### Problem statement
Every entry is to be transcribed as it stands. Images stay out.

### Records from a data source
-- -- --

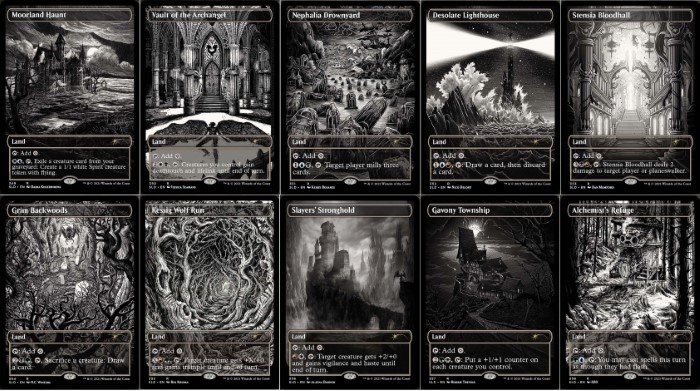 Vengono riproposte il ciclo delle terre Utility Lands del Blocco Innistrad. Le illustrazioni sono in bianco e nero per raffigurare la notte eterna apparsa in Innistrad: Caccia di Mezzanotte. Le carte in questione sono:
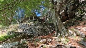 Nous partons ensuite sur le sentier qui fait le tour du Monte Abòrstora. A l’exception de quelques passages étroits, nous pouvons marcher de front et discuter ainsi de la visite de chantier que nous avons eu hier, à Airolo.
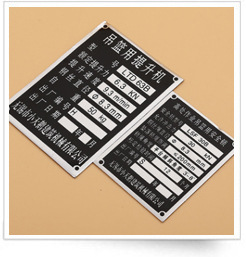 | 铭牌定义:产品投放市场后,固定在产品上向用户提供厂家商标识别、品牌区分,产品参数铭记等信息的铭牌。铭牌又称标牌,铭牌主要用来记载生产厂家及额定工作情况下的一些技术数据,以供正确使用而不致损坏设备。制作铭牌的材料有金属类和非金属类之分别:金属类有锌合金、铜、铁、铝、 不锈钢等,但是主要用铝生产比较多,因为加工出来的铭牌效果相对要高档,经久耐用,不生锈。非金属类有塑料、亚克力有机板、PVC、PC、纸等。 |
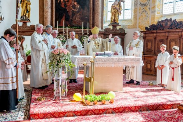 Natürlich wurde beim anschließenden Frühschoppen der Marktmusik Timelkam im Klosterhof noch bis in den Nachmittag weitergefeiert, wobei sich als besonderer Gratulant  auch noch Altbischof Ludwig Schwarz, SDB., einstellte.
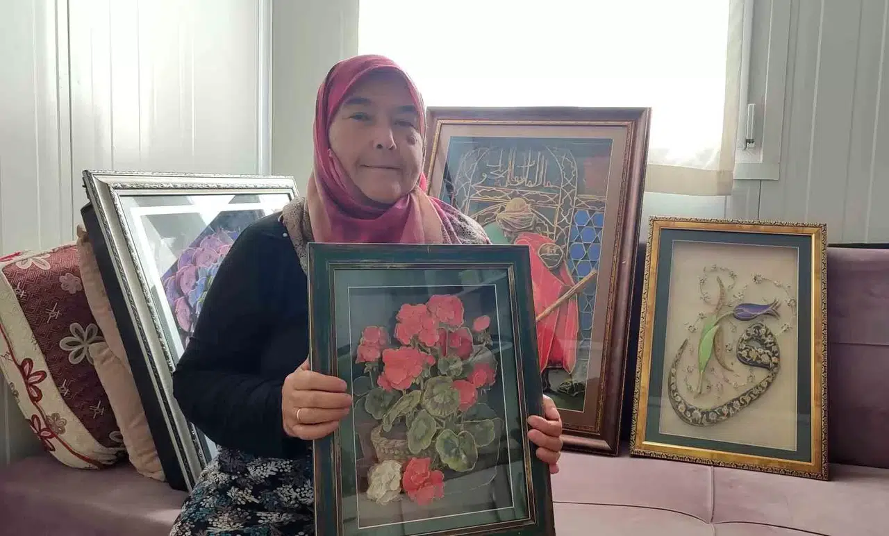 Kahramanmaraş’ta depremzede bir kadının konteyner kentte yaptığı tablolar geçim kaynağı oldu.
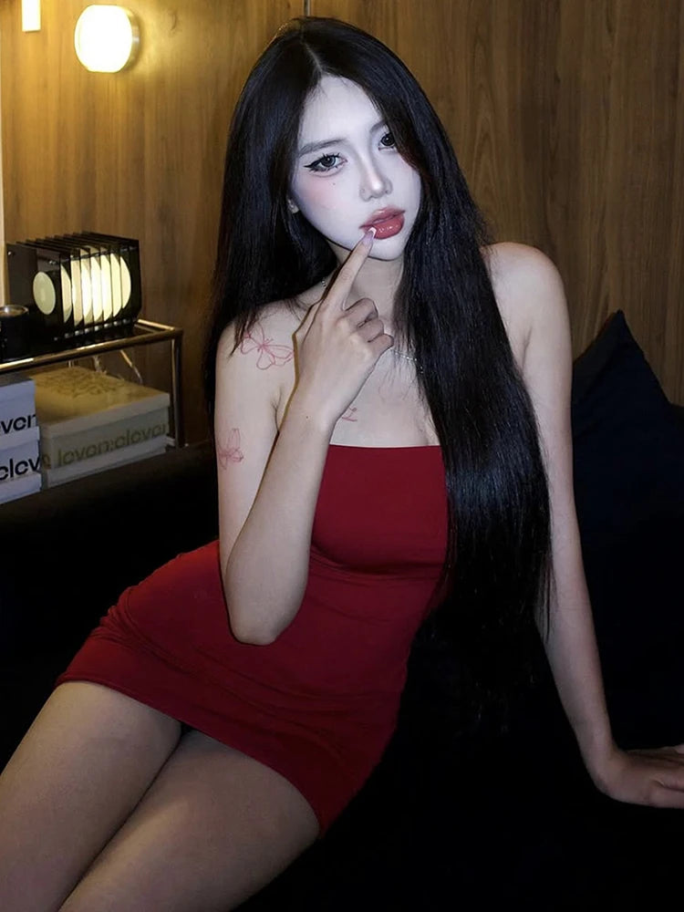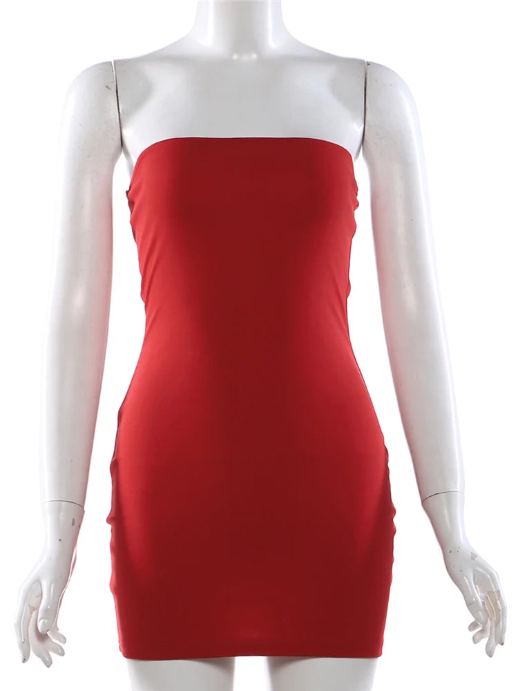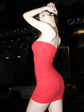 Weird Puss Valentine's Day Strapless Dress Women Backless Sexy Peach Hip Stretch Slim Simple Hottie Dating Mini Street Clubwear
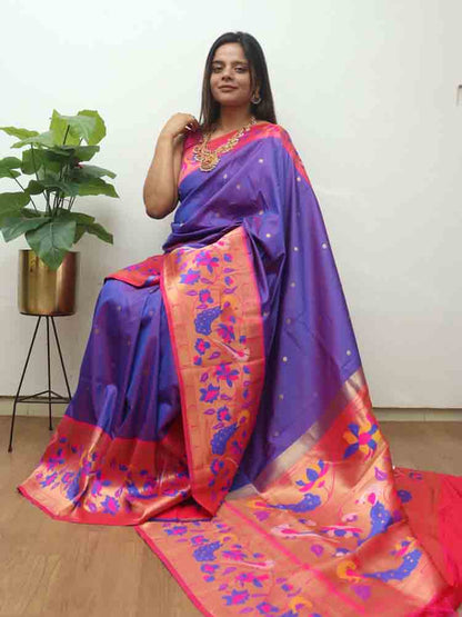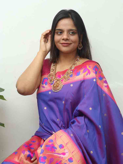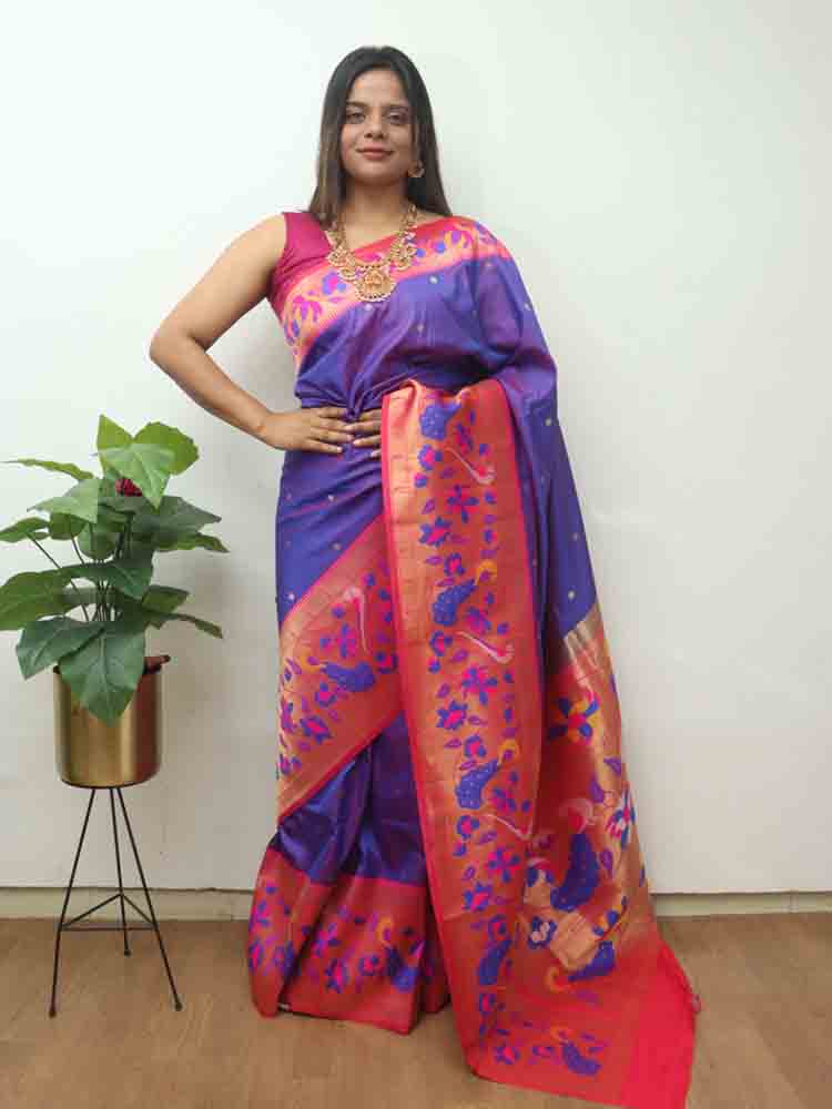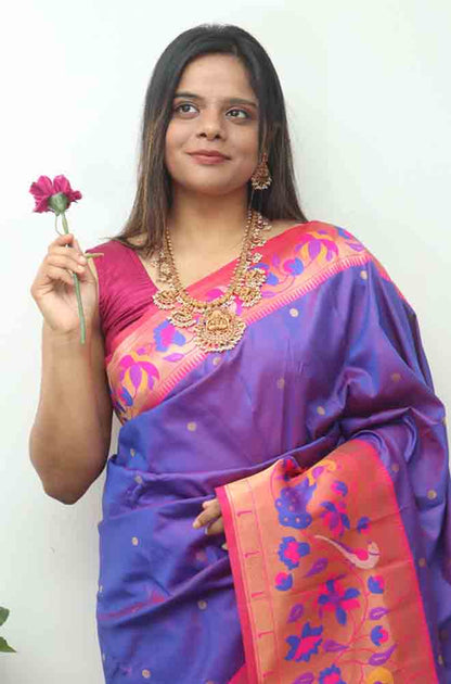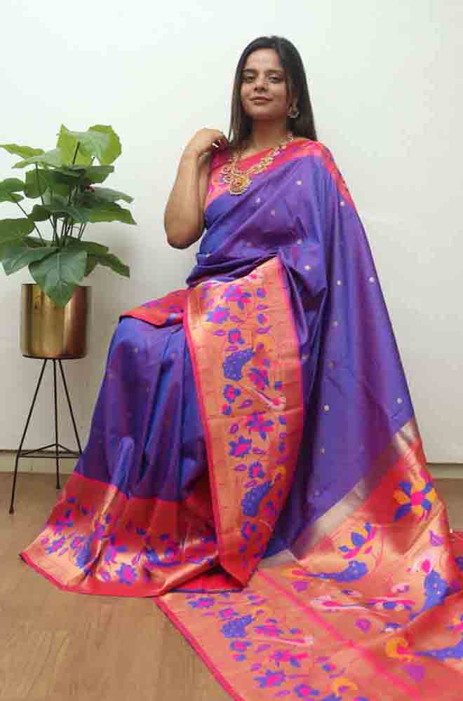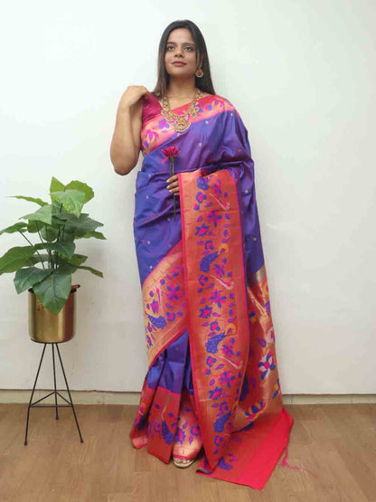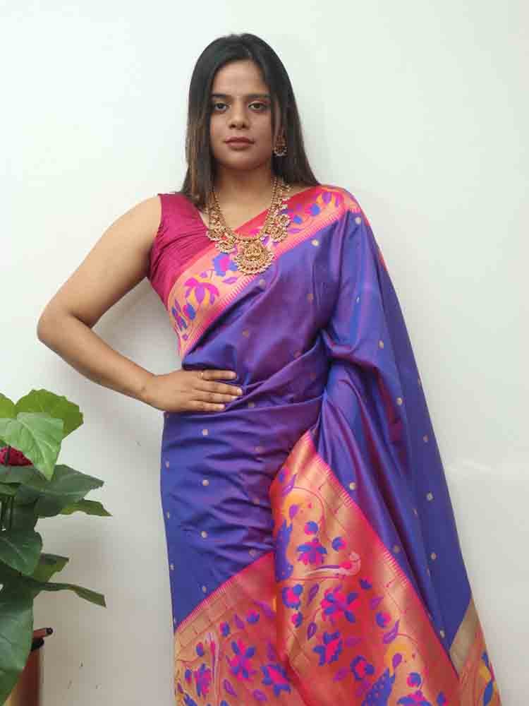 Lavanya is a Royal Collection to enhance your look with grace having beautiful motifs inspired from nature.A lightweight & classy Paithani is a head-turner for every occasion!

-- -- --

### The completed task
 Vengono riproposte il ciclo delle terre Utility Lands del Blocco Innistrad. Le illustrazioni sono in bianco e nero per raffigurare la notte eterna apparsa in Innistrad: Caccia di Mezzanotte. Le carte in questione sono:
 Nous partons ensuite sur le sentier qui fait le tour du Monte Abòrstora. A l’exception de quelques passages étroits, nous pouvons marcher de front et discuter ainsi de la visite de chantier que nous avons eu hier, à Airolo.
 | 铭牌定义:产品投放市场后,固定在产品上向用户提供厂家商标识别、品牌区分,产品参数铭记等信息的铭牌。铭牌又称标牌,铭牌主要用来记载生产厂家及额定工作情况下的一些技术数据,以供正确使用而不致损坏设备。制作铭牌的材料有金属类和非金属类之分别:金属类有锌合金、铜、铁、铝、 不锈钢等,但是主要用铝生产比较多,因为加工出来的铭牌效果相对要高档,经久耐用,不生锈。非金属类有塑料、亚克力有机板、PVC、PC、纸等。 |
 Natürlich wurde beim anschließenden Frühschoppen der Marktmusik Timelkam im Klosterhof noch bis in den Nachmittag weitergefeiert, wobei sich als besonderer Gratulant  auch noch Altbischof Ludwig Schwarz, SDB., einstellte.
 Kahramanmaraş’ta depremzede bir kadının konteyner kentte yaptığı tablolar geçim kaynağı oldu.
 Weird Puss Valentine's Day Strapless Dress Women Backless Sexy Peach Hip Stretch Slim Simple Hottie Dating Mini Street Clubwear
 Lavanya is a Royal Collection to enhance your look with grace having beautiful motifs inspired from nature.A lightweight & classy Paithani is a head-turner for every occasion!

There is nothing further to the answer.